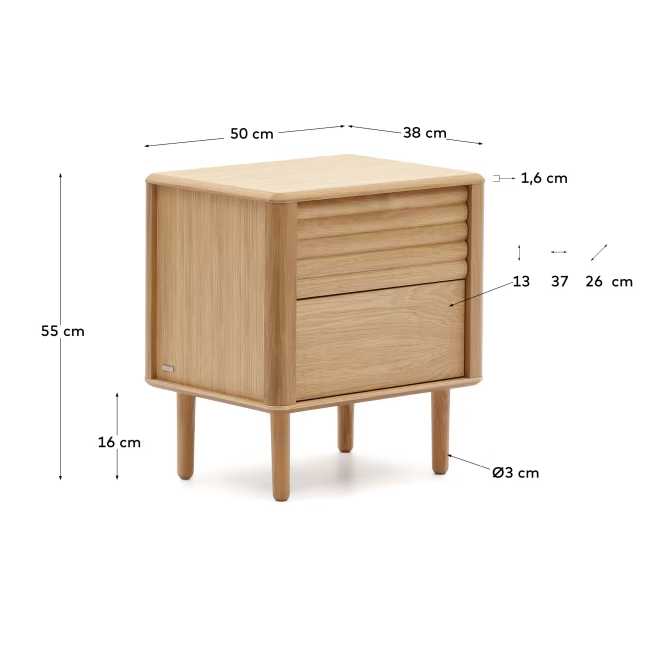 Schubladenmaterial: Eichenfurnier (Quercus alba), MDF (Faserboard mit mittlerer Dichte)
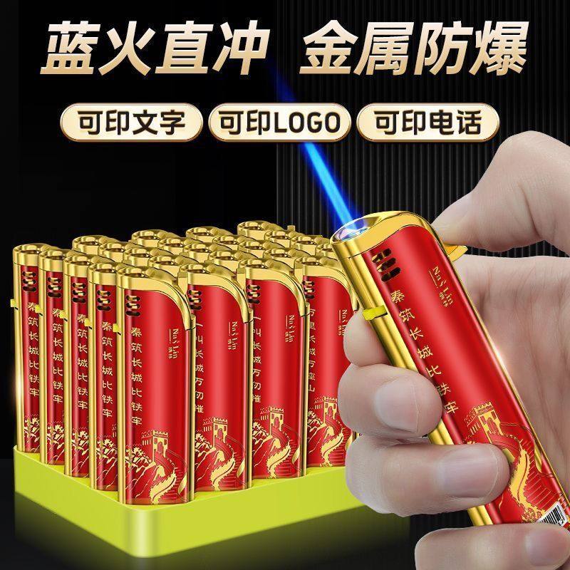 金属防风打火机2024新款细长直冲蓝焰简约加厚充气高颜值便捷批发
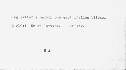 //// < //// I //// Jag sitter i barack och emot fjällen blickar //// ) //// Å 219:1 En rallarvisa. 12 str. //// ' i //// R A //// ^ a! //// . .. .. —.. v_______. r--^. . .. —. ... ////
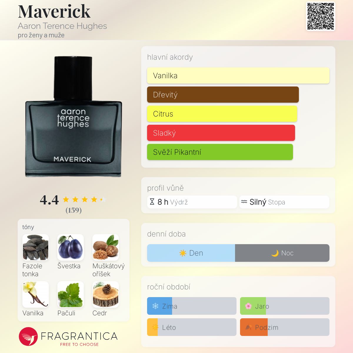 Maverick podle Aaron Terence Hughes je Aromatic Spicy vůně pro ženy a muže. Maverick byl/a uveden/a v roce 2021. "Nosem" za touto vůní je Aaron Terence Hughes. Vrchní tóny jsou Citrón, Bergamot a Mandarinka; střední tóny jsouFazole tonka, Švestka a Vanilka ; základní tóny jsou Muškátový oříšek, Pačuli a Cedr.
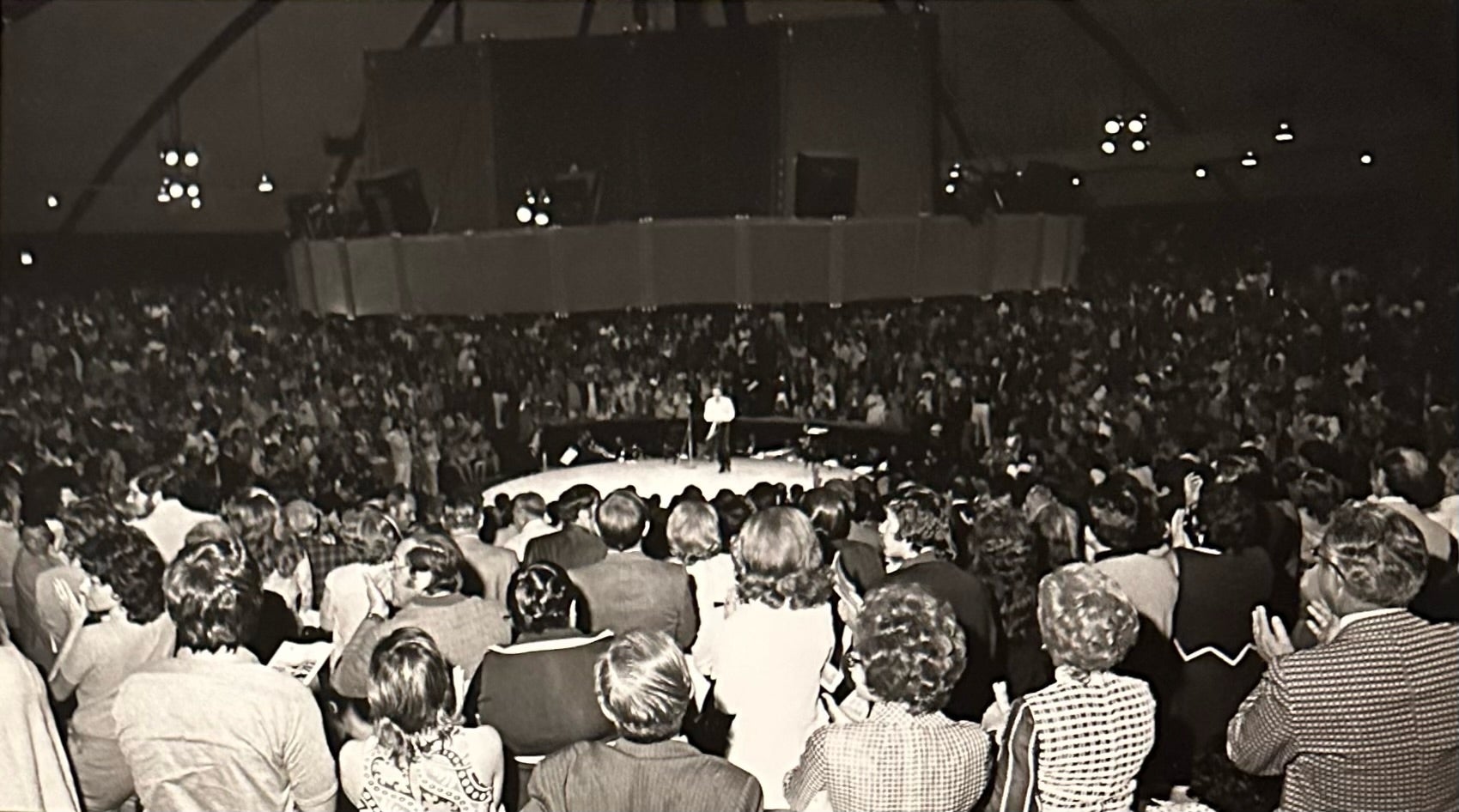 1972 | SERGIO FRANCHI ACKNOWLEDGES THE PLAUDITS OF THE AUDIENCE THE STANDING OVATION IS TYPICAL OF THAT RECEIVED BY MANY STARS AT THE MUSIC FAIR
------------------------------
▸ **Assignment**
An exact copy of every entry above is needed, with the pictures left out.

▸ **Response**
 Schubladenmaterial: Eichenfurnier (Quercus alba), MDF (Faserboard mit mittlerer Dichte)
 金属防风打火机2024新款细长直冲蓝焰简约加厚充气高颜值便捷批发
 //// < //// I //// Jag sitter i barack och emot fjällen blickar //// ) //// Å 219:1 En rallarvisa. 12 str. //// ' i //// R A //// ^ a! //// . .. .. —.. v_______. r--^. . .. —. ... ////
 Maverick podle Aaron Terence Hughes je Aromatic Spicy vůně pro ženy a muže. Maverick byl/a uveden/a v roce 2021. "Nosem" za touto vůní je Aaron Terence Hughes. Vrchní tóny jsou Citrón, Bergamot a Mandarinka; střední tóny jsouFazole tonka, Švestka a Vanilka ; základní tóny jsou Muškátový oříšek, Pačuli a Cedr.
 1972 | SERGIO FRANCHI ACKNOWLEDGES THE PLAUDITS OF THE AUDIENCE THE STANDING OVATION IS TYPICAL OF THAT RECEIVED BY MANY STARS AT THE MUSIC FAIR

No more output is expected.